Given information =>

········

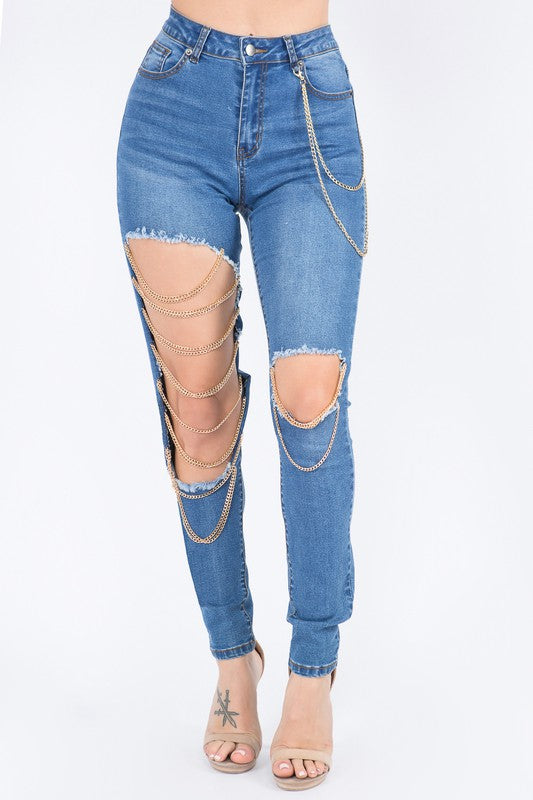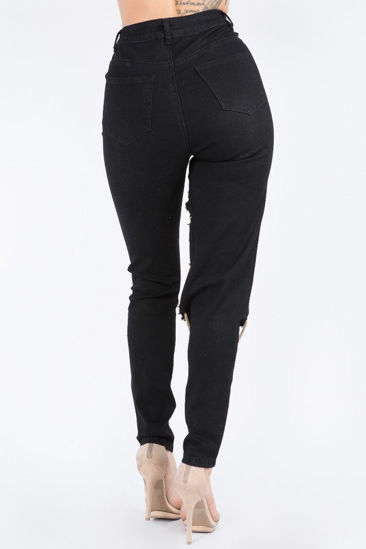 HIGH WAIST SKINNY JEANS WITH CHAINS - BUTTON CLOSURE HIGH WAIST JEANS - CUT OUT TRIMS WITH CHAINS - SKINNY FITTING SIZE S : WAIST - 26.5 INCH, INSEAM - 28 INCH *JUNIOR SIZING IN GENERAL IS MORE FITTING AND SITS TIGHTER AVAILABLE IN JUNIOR AND JUNIOR PLUS SIZING IMPORTED, DESIGNED IN USA
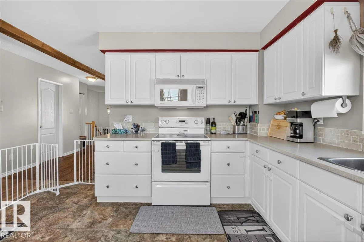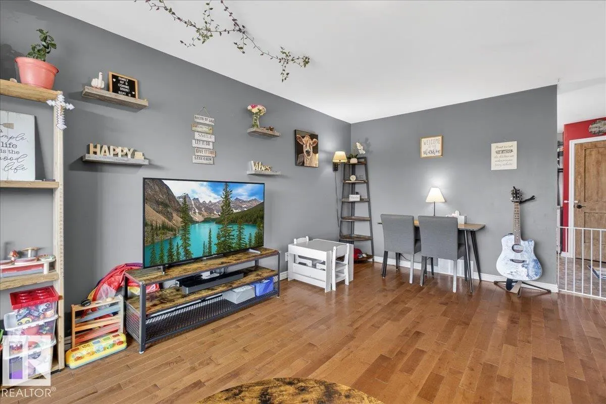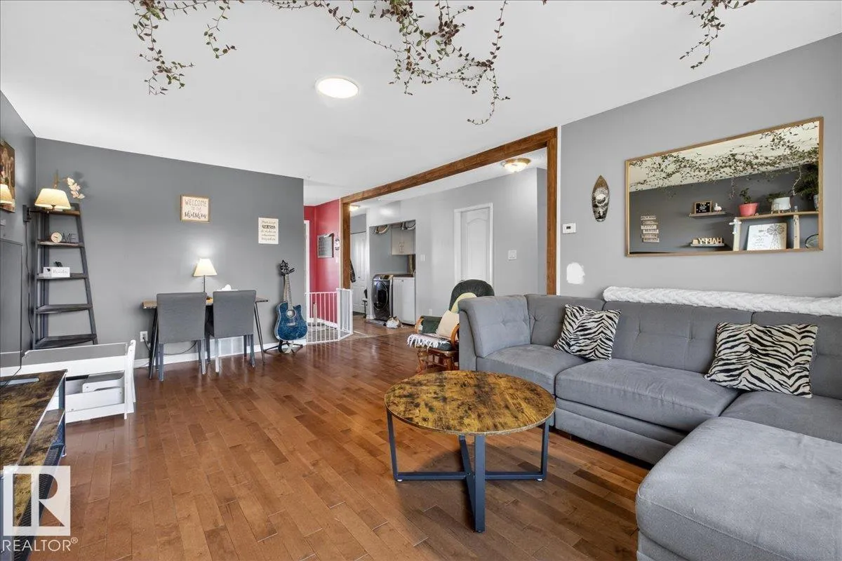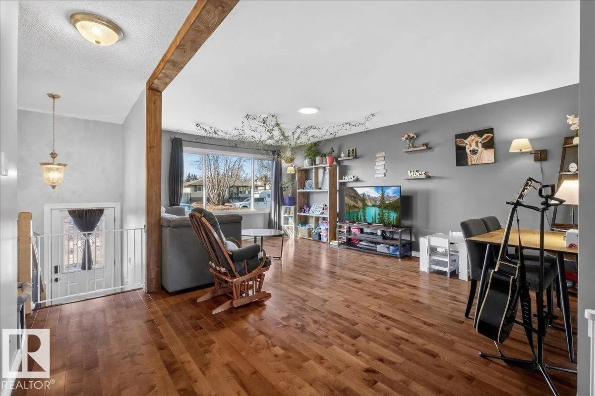Bright and functional bi-level half duplex in Spruce Grove with a detached double garage, rear lane access and a fully finished lower level. The main floor features a spacious living room with large windows that fill the home with natural light, along with a well-designed kitchen offering ample cabinetry and a pantry for extra storage. Off the kitchen, the back
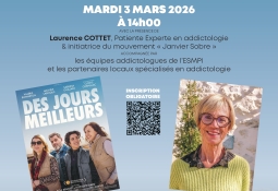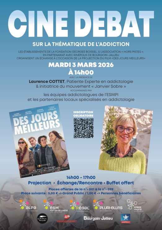 Un échange se déroulera suite à la projection du film "Des jours meilleurs" avec la présence de Laurence Cottet, patiente experte en addictologie et initiatrice du mouvement "Janvier sobre".
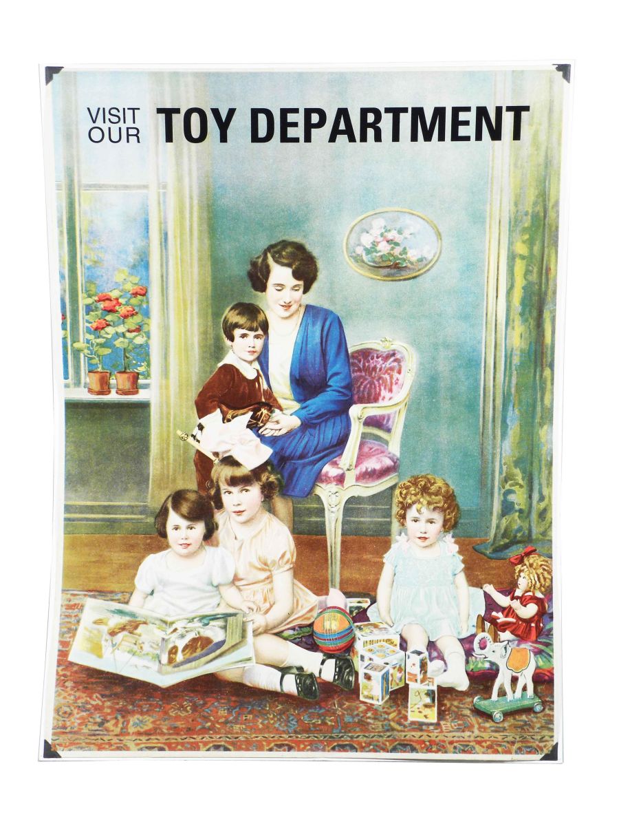 Stock Advertising Paper Poster entitled, "Visit our Toy Department". Excellent condition. 15 X 20 inches.

········

Task to carry out => Retype nothing except the lines from the first line of the listing above through the line with "Un échange se", exactly as they stand, and no pictures.

Solution below =>
 HIGH WAIST SKINNY JEANS WITH CHAINS - BUTTON CLOSURE HIGH WAIST JEANS - CUT OUT TRIMS WITH CHAINS - SKINNY FITTING SIZE S : WAIST - 26.5 INCH, INSEAM - 28 INCH *JUNIOR SIZING IN GENERAL IS MORE FITTING AND SITS TIGHTER AVAILABLE IN JUNIOR AND JUNIOR PLUS SIZING IMPORTED, DESIGNED IN USA
Bright and functional bi-level half duplex in Spruce Grove with a detached double garage, rear lane access and a fully finished lower level. The main floor features a spacious living room with large windows that fill the home with natural light, along with a well-designed kitchen offering ample cabinetry and a pantry for extra storage. Off the kitchen, the back
 Un échange se déroulera suite à la projection du film "Des jours meilleurs" avec la présence de Laurence Cottet, patiente experte en addictologie et initiatrice du mouvement "Janvier sobre".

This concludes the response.